Friday, October 17, 2014

Strategic versus Tactical


I work with a bunch of volunteers to help small businesses advance to their next level of success. We also coach start up businesses, help them with articles of incorporation, choosing their organizational structure (sole proprietorship, partnership, C corporation, S corporation, Limited Liability Corporation, etc.). We help them map out strategies for a successful launch of their new business.

Chatting among the volunteer mentors it is easy to discern which careers each has retired from. Some are powerful executives finally free to serve their own interests. These guys are usually picky about choosing the mentee’s next step; he is used to power decisions and directing the efforts of others. Then there are the accountants and tax strategists, the bean counters and classifiers.  Others are sales execs who would glad-hand your arm off is you let them!

Some of these comments are terrible stereotypes, but they still echo reality!

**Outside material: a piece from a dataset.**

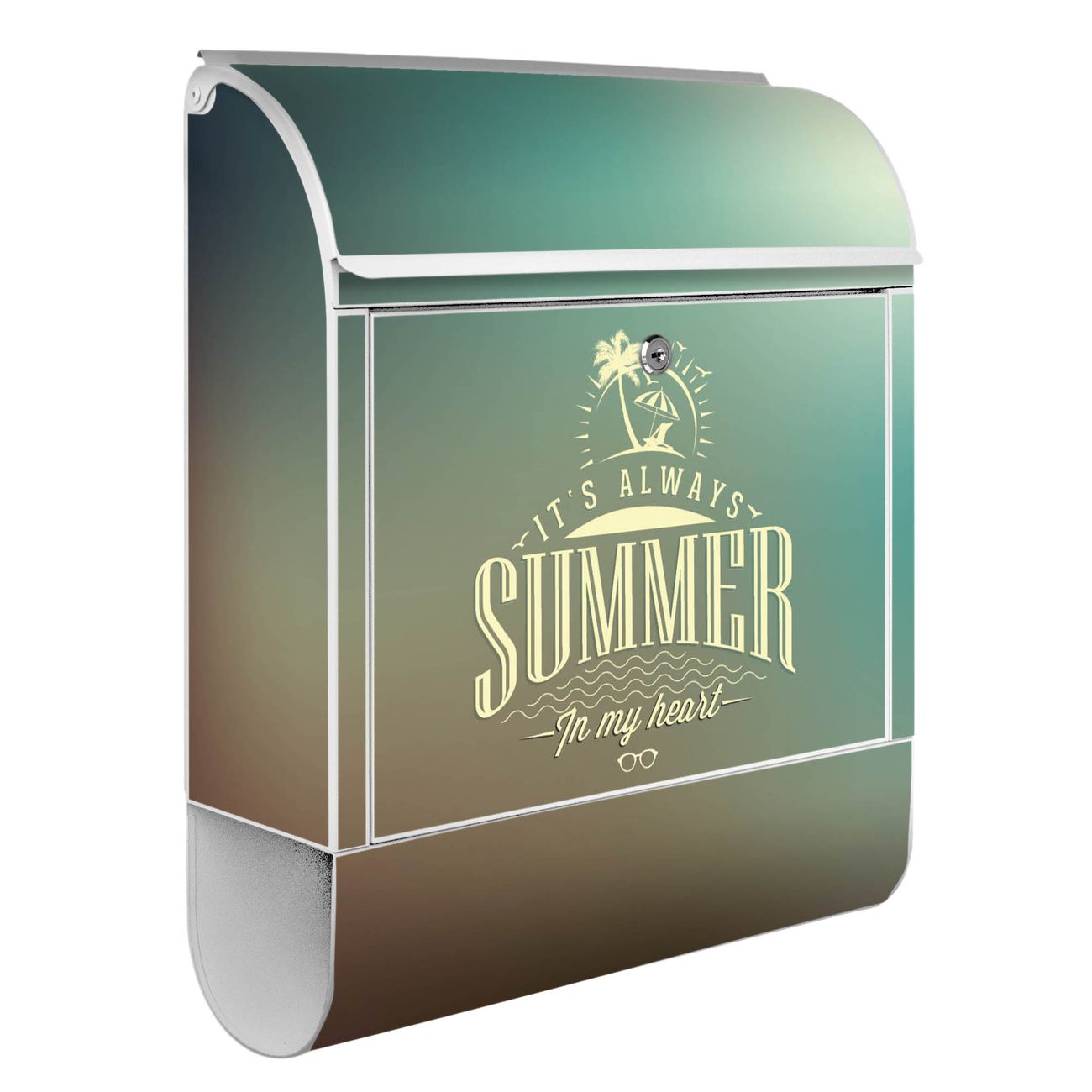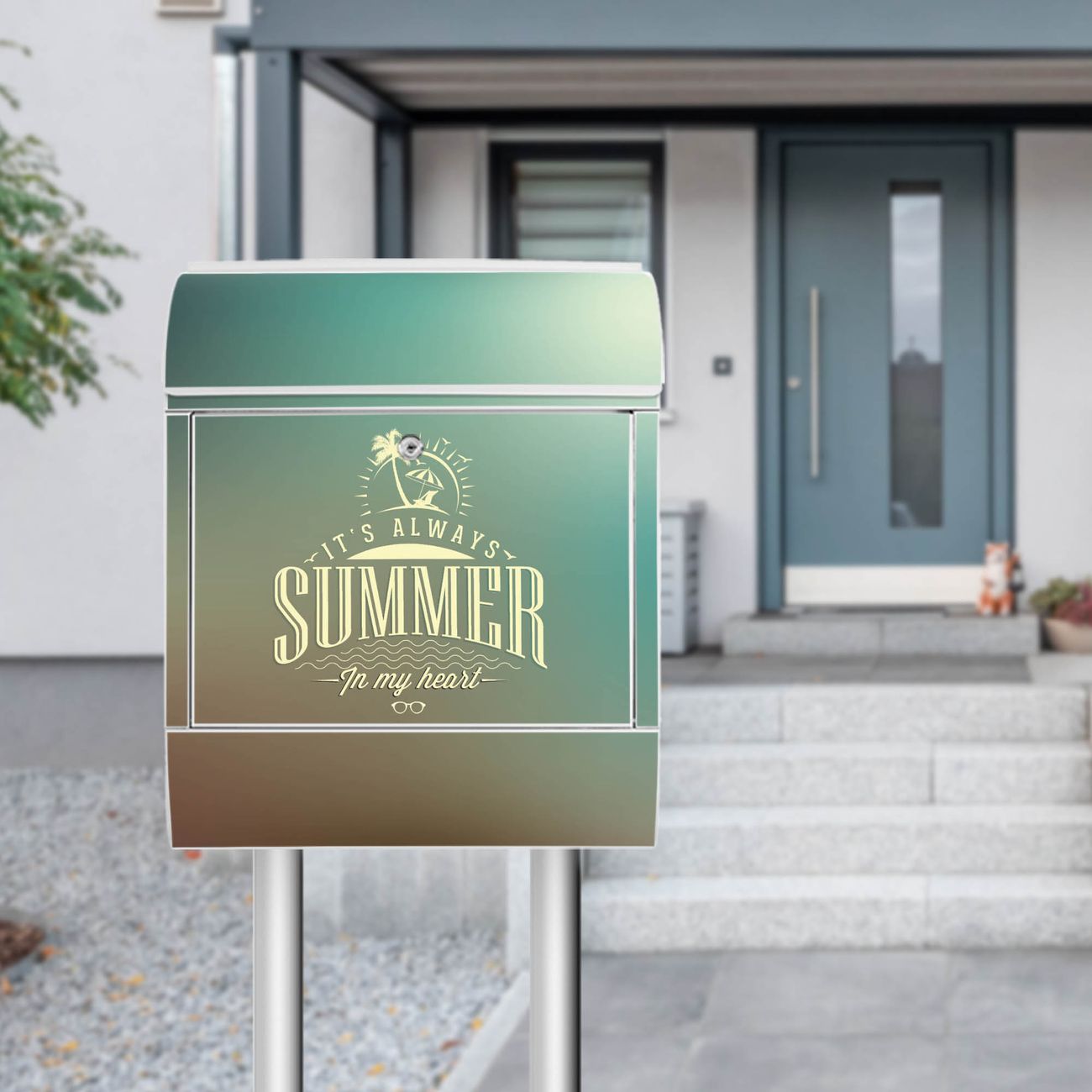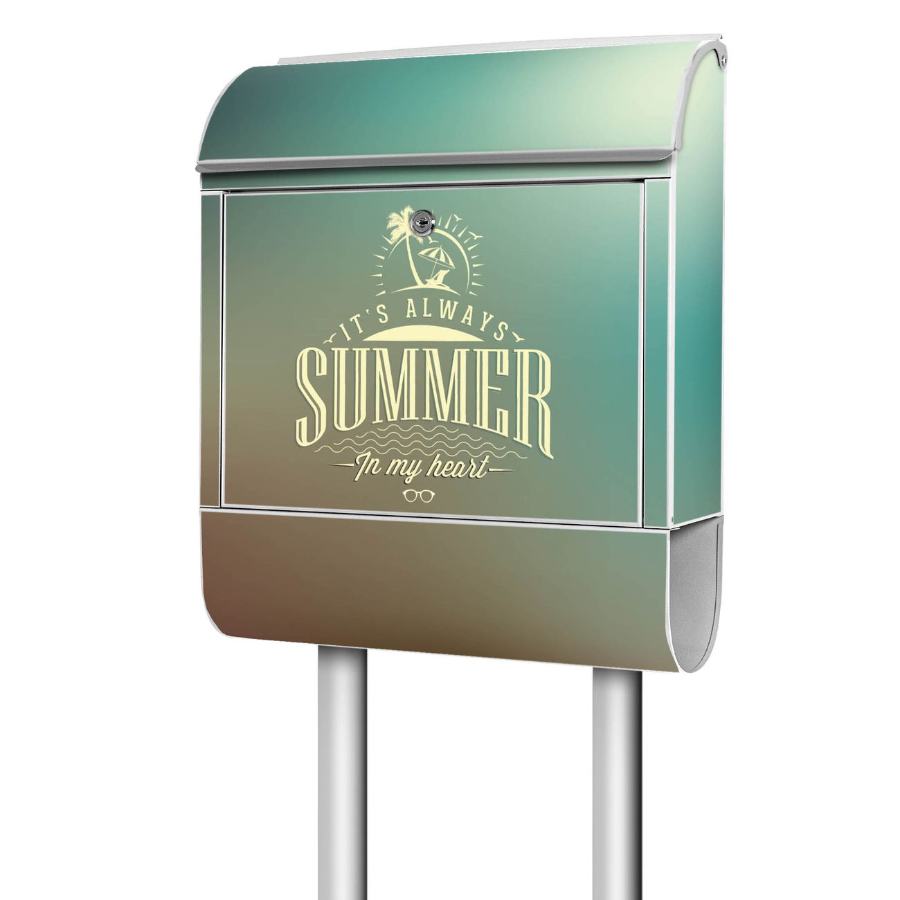 Der banjado Standbriefkasten mit Motiv Motiv Sommer Heart kombiniert großzügigen Stauraum mit modernem Design. Durch das geräumige Fach finden auch große A4-Sendungen problemlos Platz. Die integrierte Zeitungsrolle sorgt dafür, dass Tageszeitungen und Magazine separat und griffbereit untergebracht sind. Der pulverbeschichtete Standfuß ist farblich passend zum Briefkasten gestaltet und sorgt für ein stimmiges Gesamtbild. Mit dem individuellen Motiv setzen Sie einen optischen Akzent, der sowohl praktisch als auch dekorativ ist.

More interesting is to observe retired women executives. By far they are easy to meet and talk with. They are responsive to feelings and communications. Easily supportive of others they make good coaches and mentors. They seem to quickly subdue their ego and get down to business of the client mentee. Not very surprising is it? Women make excellent teachers and coaches. Their ideas and thinking processes are tops, too. I've found it vastly more pleasing working with women over the years than men. The latter are usually too tied to ego.

We have many good mentors, thought. The best are those who do suppress their egos and focus on the needs of the client.

In a recent chat I shared the fact that I had made a career in strategic planning. Many of my peers in the volunteer group, however, worried about too many people planning tactics and not strategies. Thinking back over my many paying clients of the last 25 years, I sensed some parallels. But such was their behavior before they engaged in true strategic planning.

I think the difference – what makes a planning effort strategic rather than tactical – is the discipline forcing the decision-making group to envision themselves as an organization 15 to 20 years into the future. Dreaming what that would be like helps us picture what needs to be happening then and what sort of operating platform we will need to support those happenings. Getting outside the boundaries of our current thinking is difficult. Moving outside of the box means removing ourselves from today. Focus on function, on mission. What is it we really are about and mean to devote our time, attention and resources to?  Then make that happen in a time far removed from today.

Making that break allows the envisioned future to draw us forward toward it.

Think about that sentence – ‘draw us forward toward it’ – and let it pull you out of today.

Remember when President Kennedy challenged the nation to place a man on the moon by the end of the decade (by 1969)? A lot of people thought he was nuts, talking through his hats. He was not. He clearly established a goal that was seemingly impossible to attain. But he reminded everyone that we had the building blocks to make it happen: we knew where we were at the time (Earth), we had capabilities to reach into space (missiles and rockets), and we had burgeoning technology to guide us; we now have a goal of where we want to get to. The trick was to invent the ways and means of getting there.

And that’s exactly what happened. It took a lot of science, math and engineering, but it also took commitment, organization and financial resources. Research soared. New careers were built out of thin air. Whole new industries popped up. And the result?

We did invent our way to the moon in 1969 – right on schedule – July 20, 1969.

Becoming strategic requires moving our frame of reference out of our norm. Strategic thinking requires us to invent new ways of doing things, new goals, new times and eras. Making that break gets us out of the ‘box’. We are then free to think unfettered to the present. We are able to create and invent come what may.

Once we have a good grounding in the future vision, we can move backwards and figure out how to get from the present to that desired future. The how is tactical. The where and when and nature are strategic.

Envision the future of your firm or organization or pet project. Envision your life as you would like it to become. Then choose to make it happen. The rest is to be invented by you or your team.

Think how this might change your life.